── DATA PROVIDED ──

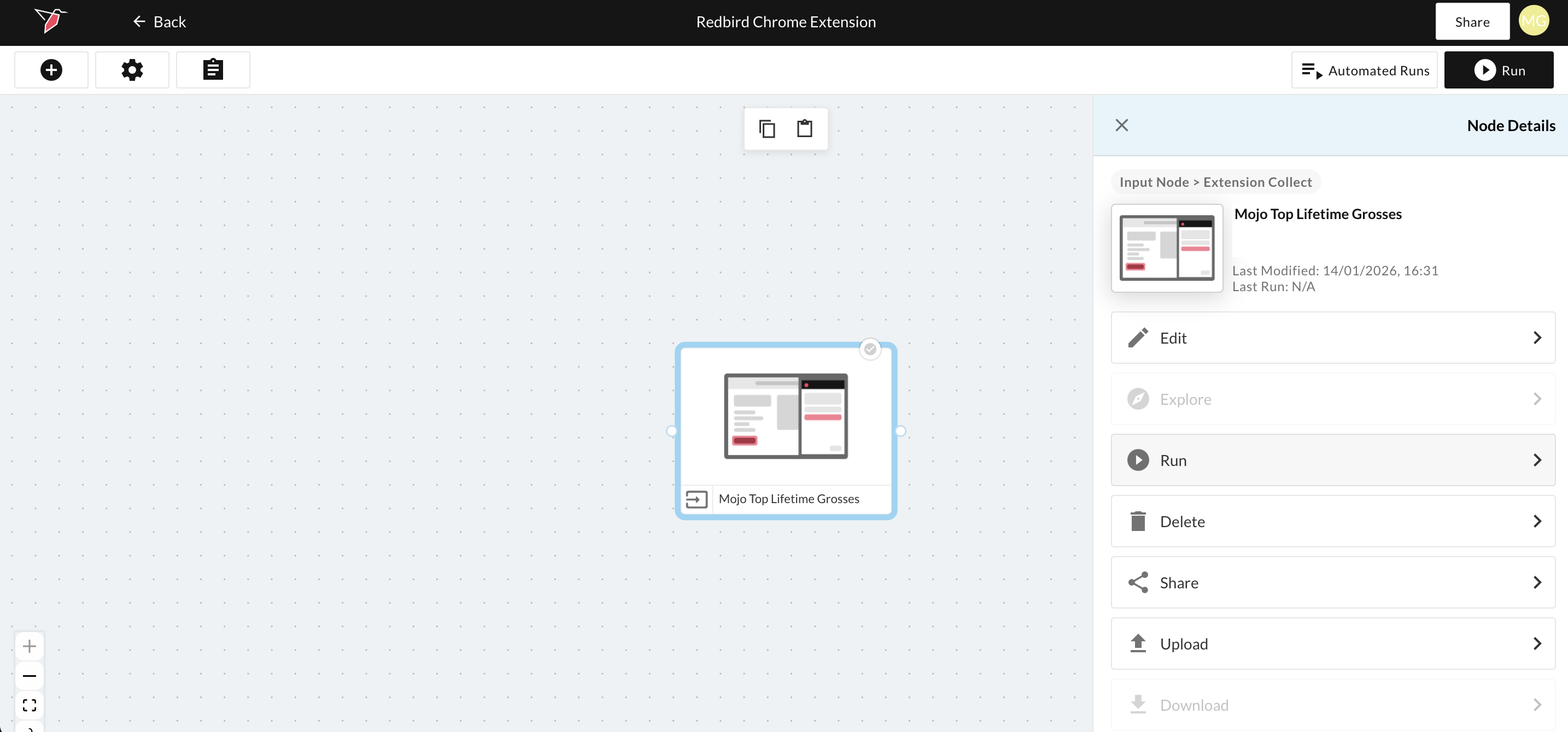 - Back on the workflow canvas, click on the node again to select it, then click Run in the right-side panel to collect the data.
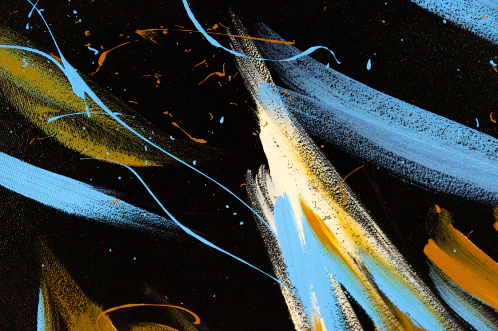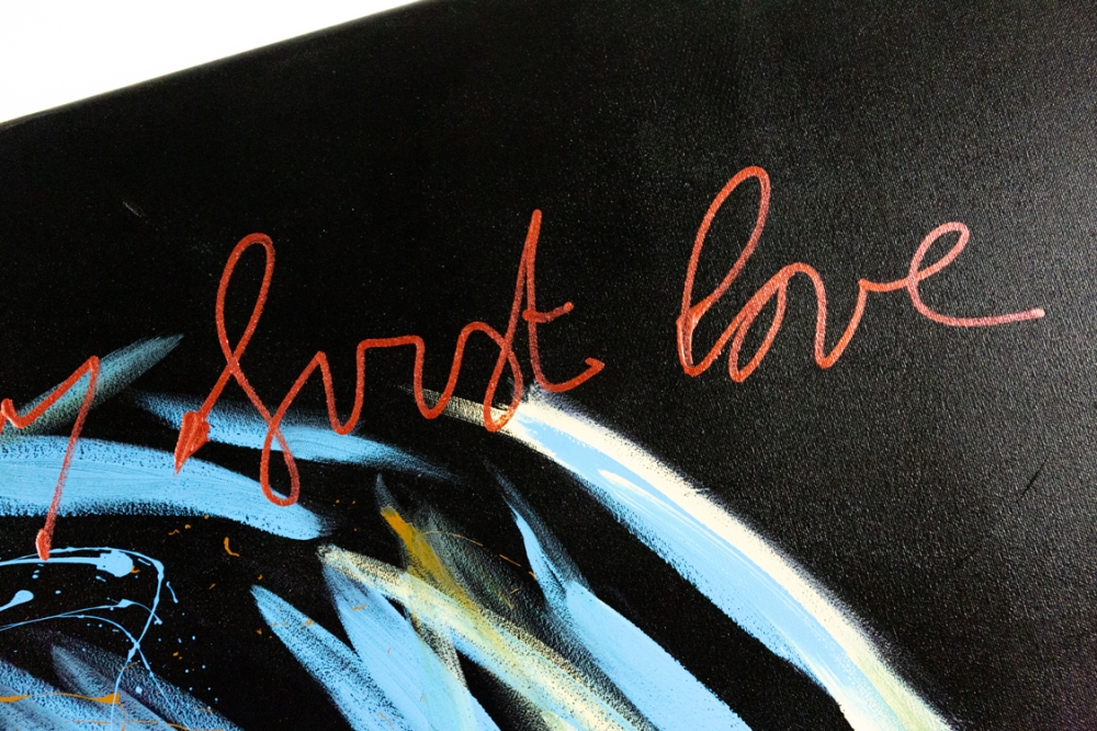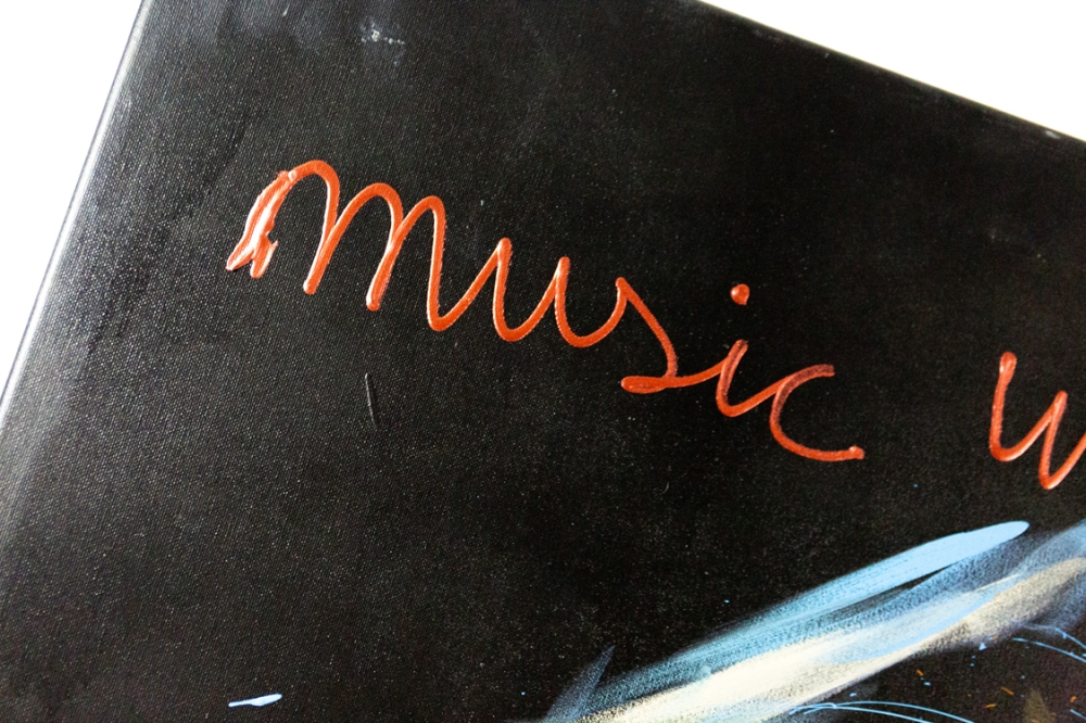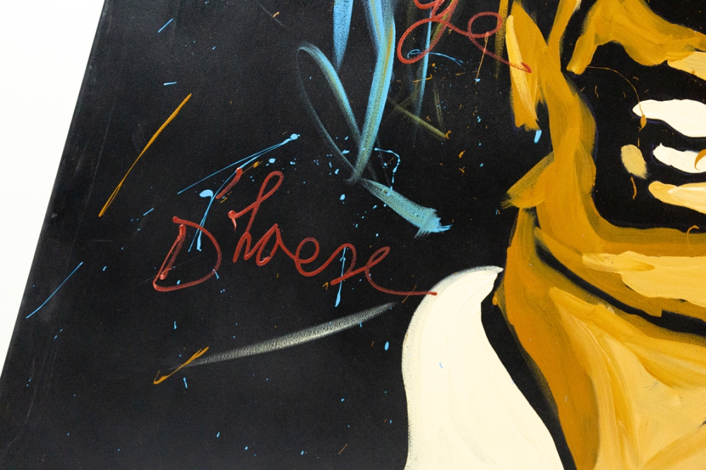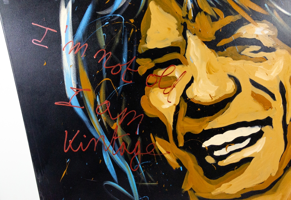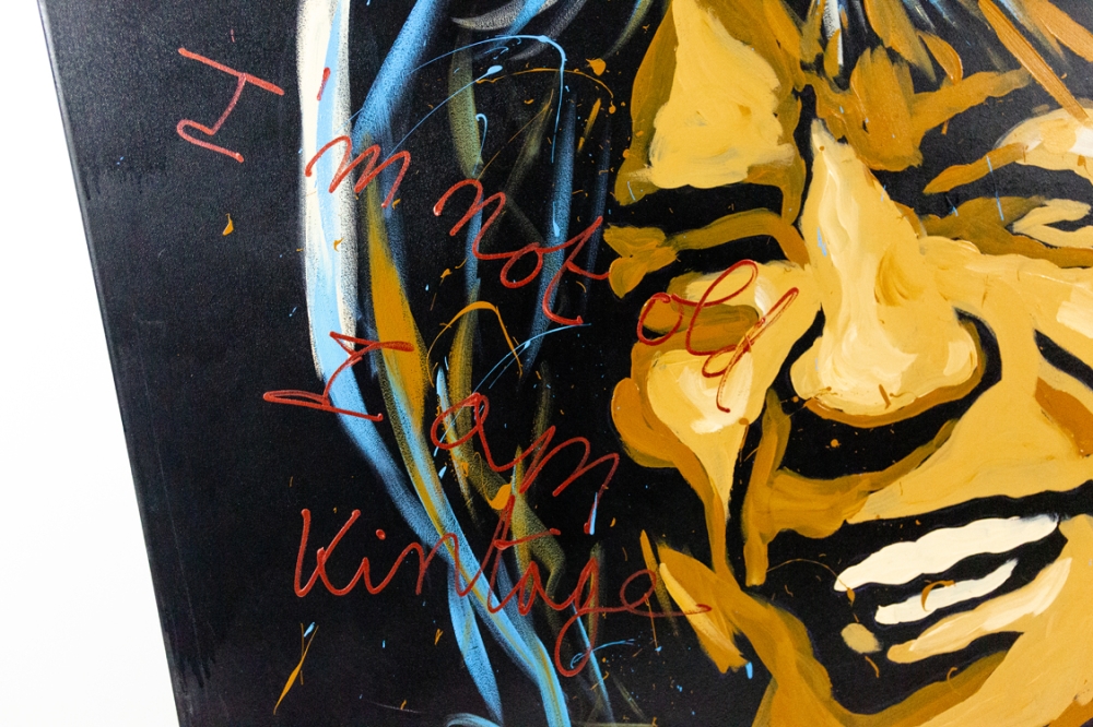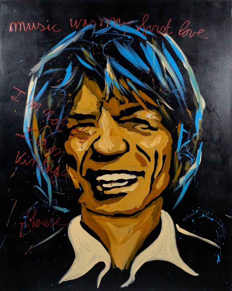 Acrylverfschilderij van een groot fortmaat van Hannes D'Haese met quote "Music was my first love" en "I am not old, I am vintage" een portret van Mick Jagger. Met de hand gesigneerd door Hannes D'Haese.
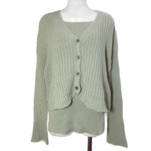ミラオーウェン Mila Owen 美品 キャミ付リブカーディガンアンサンブル 09WNT211364 ニット カーディガン 長袖 Vネック 0 S相当 オリーブ /
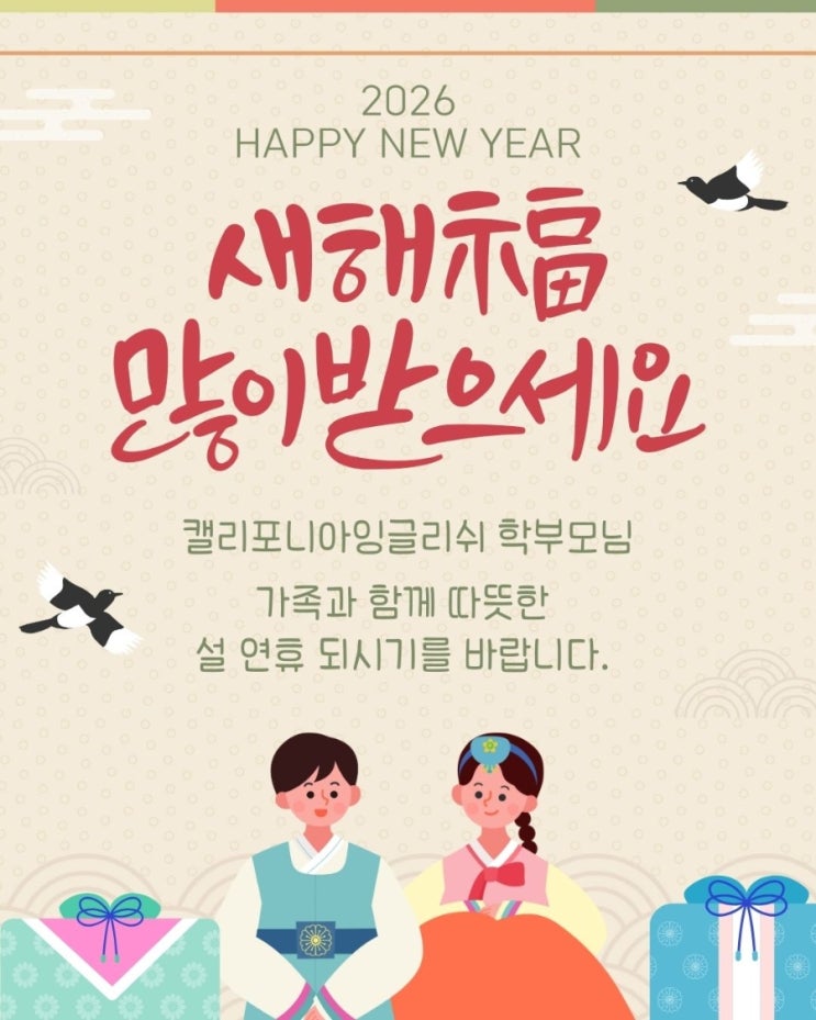 캘리포니아잉글리쉬 학부모님 가족과 함께 따뜻한 설 연휴 보내시기바랍니다 #정관캘리포니아잉글리쉬 #정관모전리영어도서관 등록번호 4408 21만원 23만원 27만원 <img src="https://blogthumb.pstatic.net/MjAyNjAyMTNfMjg5/MDAxNzcwOTQ4MDc2NDgz.x-i_AVazrR6cLH9xG9qfExI_esMghwBg12B2x91hA6Yg.0yS2hXRgFPWI1eW1NZ92IM-wky6t4SEIGatXC6XbJZAg.JPEG/900%A3%DF1770901032769.jpg?type=s3" />
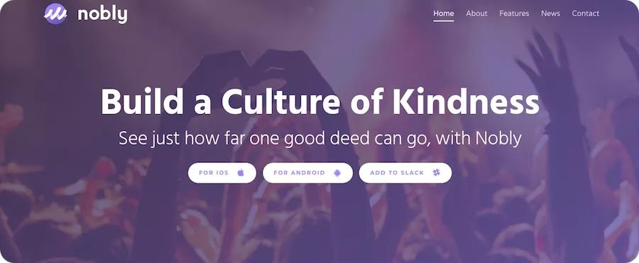 Nobly是一款社交應用程序,您可以與想要為世界做一件好事的所有人聯(lián)系。 打開網(wǎng)站后,您會看到主頁的大圖,它吸引了人們的注意力,大膽的色彩和點綴。 該網(wǎng)站使用現(xiàn)在流行的簡單布局和單頁滾動設計。
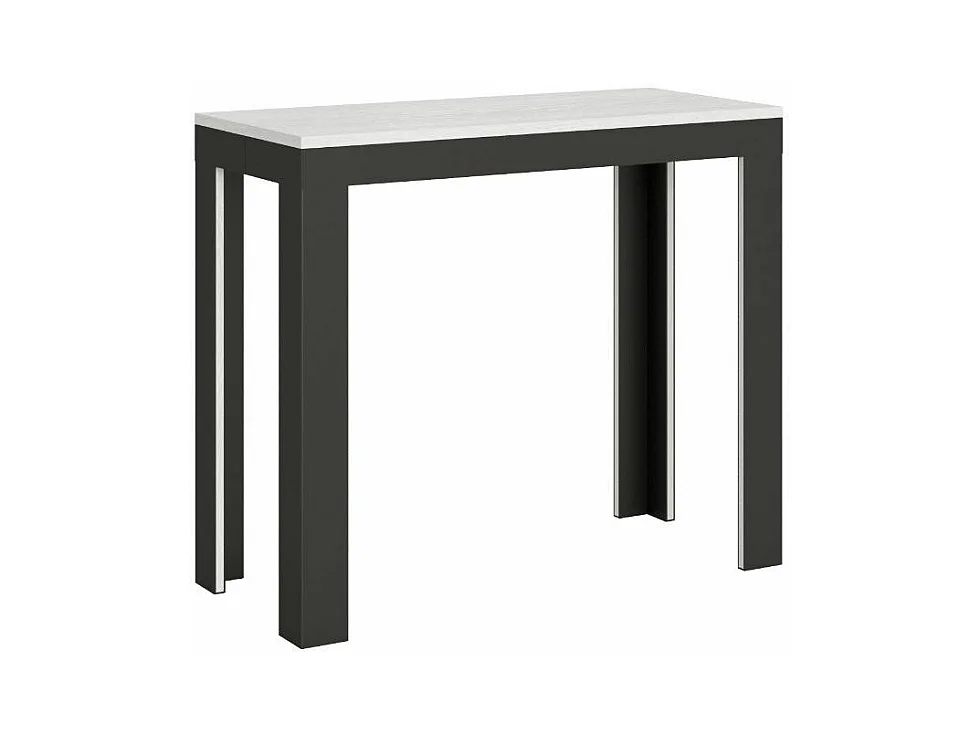 Console extensible bois et acier anthracite Monteros 90x40-196 ou 90x40-300-Couleur Blanc-Support 4 pieds-3 rallonges
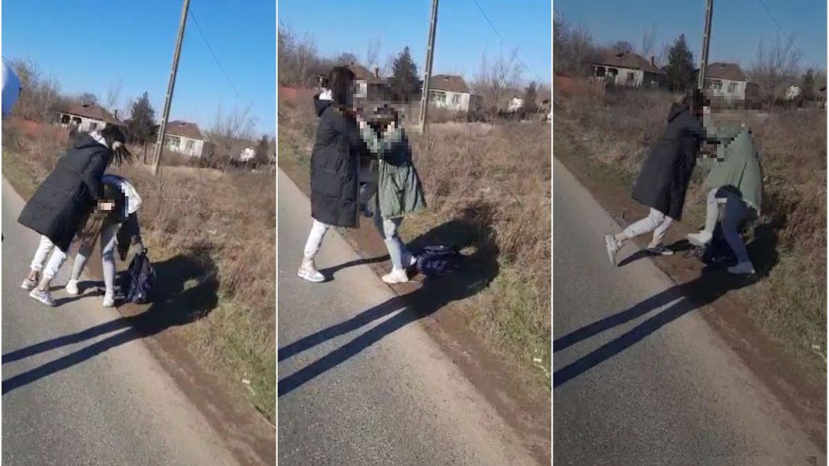 Pe imagini se vede cum mai mulți martori filmează și se amuză, în timp ce una dintre fete este bătută fără milă şi trasă de păr, de cealaltă adolescentă, pe marginea drumului.

───

YOUR TASK: Without including the pictures, return each record above exactly as it stands.

YOUR RESPONSE:
 - Back on the workflow canvas, click on the node again to select it, then click Run in the right-side panel to collect the data.
 Acrylverfschilderij van een groot fortmaat van Hannes D'Haese met quote "Music was my first love" en "I am not old, I am vintage" een portret van Mick Jagger. Met de hand gesigneerd door Hannes D'Haese.
ミラオーウェン Mila Owen 美品 キャミ付リブカーディガンアンサンブル 09WNT211364 ニット カーディガン 長袖 Vネック 0 S相当 オリーブ /
 캘리포니아잉글리쉬 학부모님 가족과 함께 따뜻한 설 연휴 보내시기바랍니다 #정관캘리포니아잉글리쉬 #정관모전리영어도서관 등록번호 4408 21만원 23만원 27만원 <img src="https://blogthumb.pstatic.net/MjAyNjAyMTNfMjg5/MDAxNzcwOTQ4MDc2NDgz.x-i_AVazrR6cLH9xG9qfExI_esMghwBg12B2x91hA6Yg.0yS2hXRgFPWI1eW1NZ92IM-wky6t4SEIGatXC6XbJZAg.JPEG/900%A3%DF1770901032769.jpg?type=s3" />
 Nobly是一款社交應用程序,您可以與想要為世界做一件好事的所有人聯(lián)系。 打開網(wǎng)站后,您會看到主頁的大圖,它吸引了人們的注意力,大膽的色彩和點綴。 該網(wǎng)站使用現(xiàn)在流行的簡單布局和單頁滾動設計。
 Console extensible bois et acier anthracite Monteros 90x40-196 ou 90x40-300-Couleur Blanc-Support 4 pieds-3 rallonges
 Pe imagini se vede cum mai mulți martori filmează și se amuză, în timp ce una dintre fete este bătută fără milă şi trasă de păr, de cealaltă adolescentă, pe marginea drumului.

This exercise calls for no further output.